И как мне теперь на это реагировать? Принять? Отвергнуть? Гордость требовала, чтобы Леон отступился. Помощь я приму, но видеть его рядом с собой на скамье подсудимых – увольте. Если дело дойдет до суда, я подпишу документы о разводе. Уверена, адвокат нашей семьи не откажет мне в этой просьбе. И если некоторые не считают нужным ставить меня в известность о своем самопожертвовании, то я не стану их извещать о своем решении.
Кстати, если брак не коснуммировать – какое ужасное слово – то и развод будет получить легче. Решение складывалось ужасно неприличное, но что не сделаешь ради любимого мужчины.
При мысли о грядущем позоре я окончательно проснулась. Повернулась на кровати и замерла, встретив внимательный взгляд темно-серых глаз. Во рту разом пересохло, сердце ухнуло куда-то вниз, а воздух потяжелел настолько, что отказывался проникать в легкие. На меня обрушилось осознание, что я лежу в постели с мужчиной, на мне нижняя сорочка, белье и ничего больше.
Я стремительно отодвинулась на край. Слишком резко, потому как, охнув, начала медленно падать, была поймана и прижата к обнаженной – бездна! – мужской груди.
– Тихо, маленькая.
От ласкового голоса, а еще от руки, которая погладила по стриженным волосам, глаза защипало. Я прикусила губу, удерживая слезы. ВанКовенберхи не плачут по пустякам, даже если очень хочется и ужасно себя жалко. А еще они не меняют принятых решений. Как всегда, мысль о предках помогла прийти в себя.
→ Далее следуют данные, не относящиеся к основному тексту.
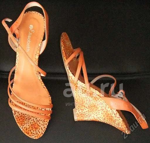 Легкие, открытые босоножки из натур.кожи,оранжевый + леопардовый, танкетка-шелк.ткань.
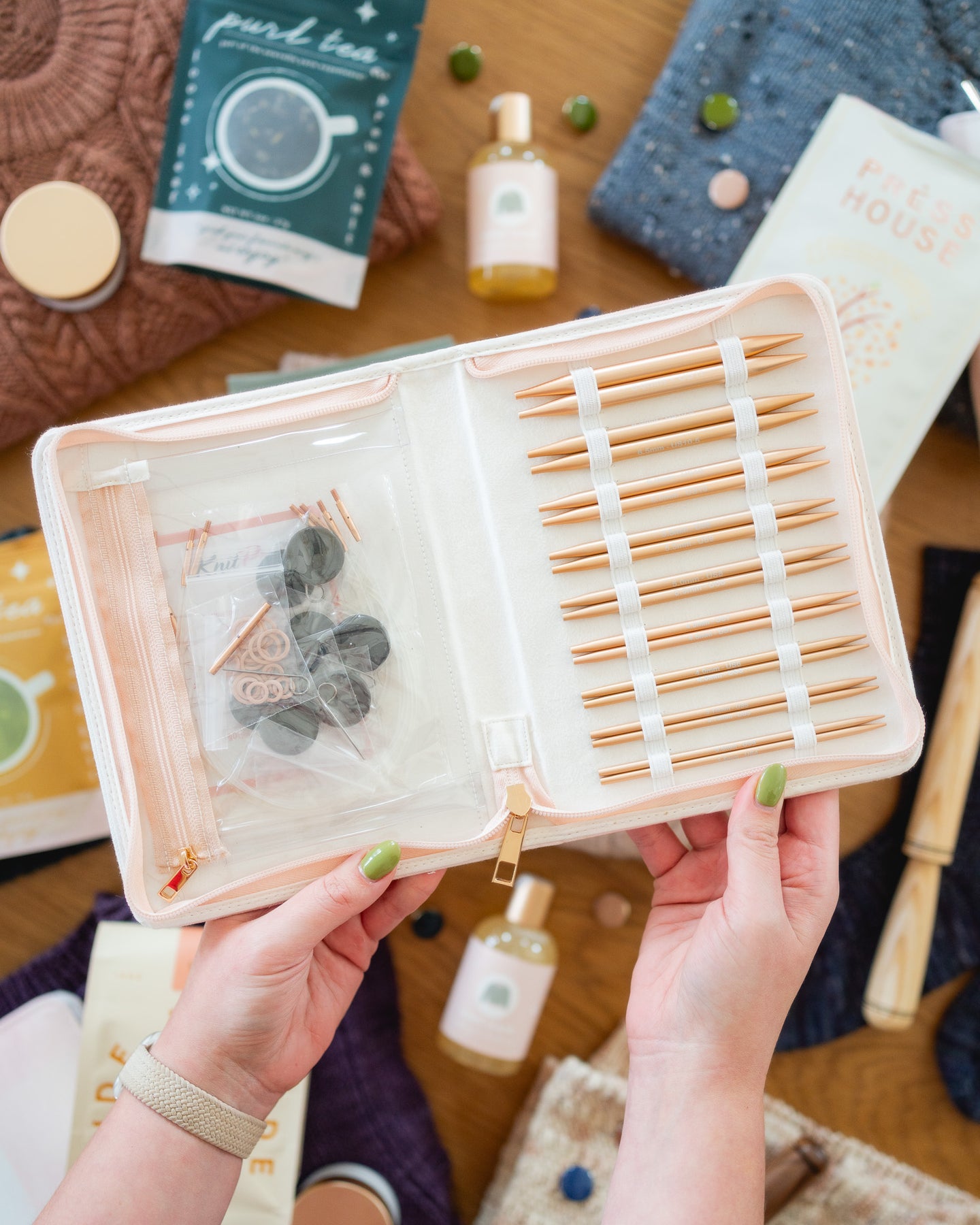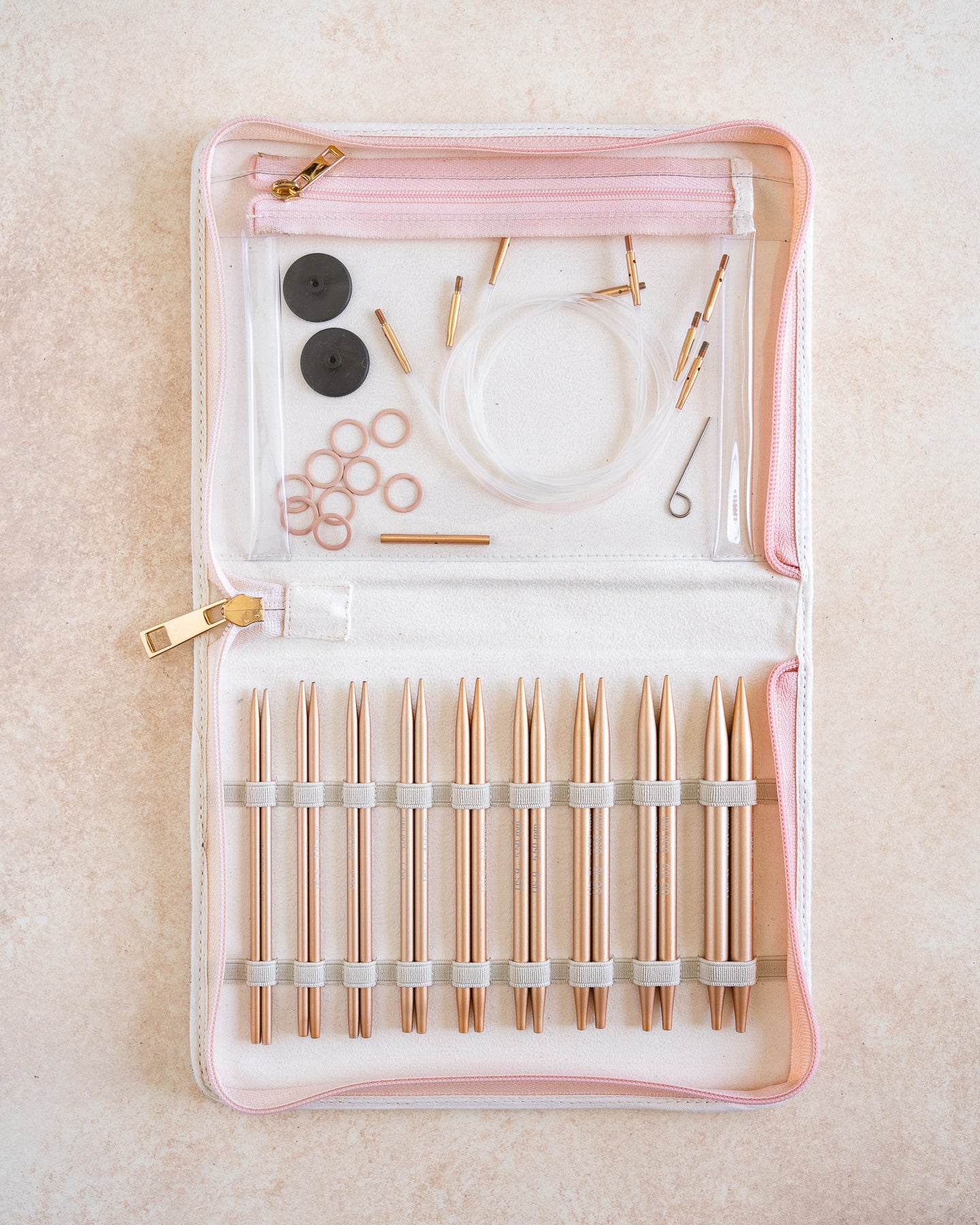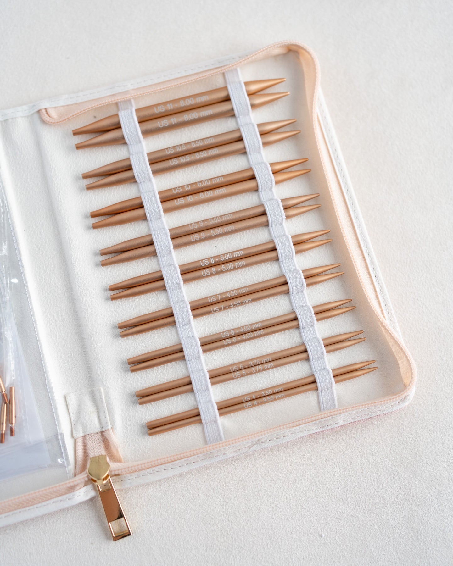 This set is gorgeous to look at, but also a pleasure to use. The stitch markers are a lovely little addition as well! I love everything about the set, and the only thing that would make it better is if I could buy replacement needles a la cart (my US 6 easily get more love than the others and have started to tarnish as a result). The tarnishing isn't even a deal-breaker for me - it just shows that YES I do in fact use my needles!

Я лежала на боку, уткнувшись носом в грудь Леона, вдыхала запах его тела и слышала, как сильно бьется его сердце. Ужасное сердцебиение, и это при том, что сам мужчина лежал неподвижно, едва ощутимо перебирая пальцами короткие пряди моих волос. Может, у него проблемы со здоровьем? Как бы деликатно намекнуть на желательное посещение целителя?
– И чего ты испугалась?
Всего сразу и ничего конкретного. Но я лучше умру, чем признаюсь, что мне жутко неловко. Что одно дело – целоваться и обниматься, и совсем другое – лежать вот так, почти обнаженными.
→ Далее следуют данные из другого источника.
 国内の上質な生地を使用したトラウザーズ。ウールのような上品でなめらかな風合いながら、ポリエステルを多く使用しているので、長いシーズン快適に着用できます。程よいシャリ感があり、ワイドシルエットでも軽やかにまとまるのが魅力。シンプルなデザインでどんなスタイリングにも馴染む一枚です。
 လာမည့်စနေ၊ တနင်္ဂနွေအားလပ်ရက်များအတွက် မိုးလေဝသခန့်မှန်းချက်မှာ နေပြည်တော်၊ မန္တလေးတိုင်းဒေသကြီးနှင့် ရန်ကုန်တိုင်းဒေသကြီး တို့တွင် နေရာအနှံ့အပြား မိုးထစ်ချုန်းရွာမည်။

Внезапно, мой желудок решил, что неплохо бы его покормить, потому как вчерашний чай давно остался в памяти.
Бездна! Я стремительно покраснела, ощущая еще большую неловкость.
Сверху донеслось многозначительное хмыканье. Леон отстранился, подцепил мой подбородок и скомандовал:
– Так, дарьета ВанДаренберг, у вас пятнадцать минут на одевание. Платье хозяйки дома тебе должно подойти. Не опаздывай, нас ждет ужин.
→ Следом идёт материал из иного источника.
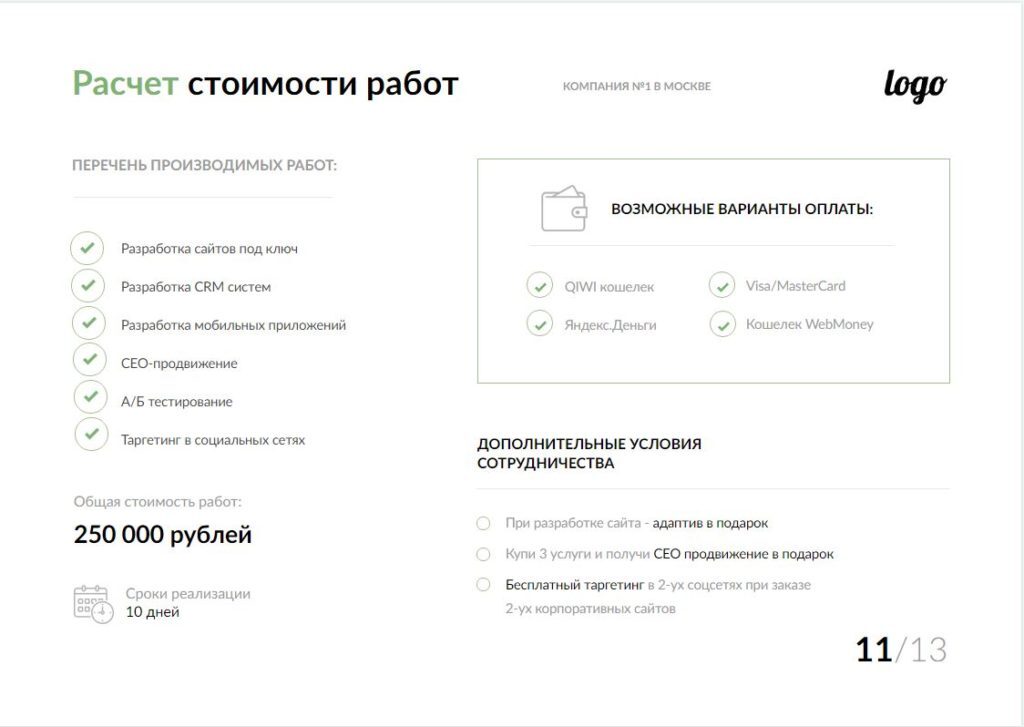 - По возможности, укажите сроки и стоимость каждого этапа;

Легкое, едва ощутимое касание губами моего лба обожгло, заставив нервно сглотнуть. О том, что нас ждет после ужина, предпочла не думать.
А потом и вовсе все мысли вылетели из головы, потому как этот несносный мужчина встал, не подумав одеться. Нижние кальсоны обтягивали, оставляя мало простора для фантазии. Широкая спина с прекрасно развитой мускулатурой – спасибо дядиному трактату за сведения – могла принадлежать какому-нибудь работяге, а не изнеженному дэршану, ну или – я усмехнулась – палачу его величества. Узкая талия. Покатые, массивные плечи. Длинные ноги.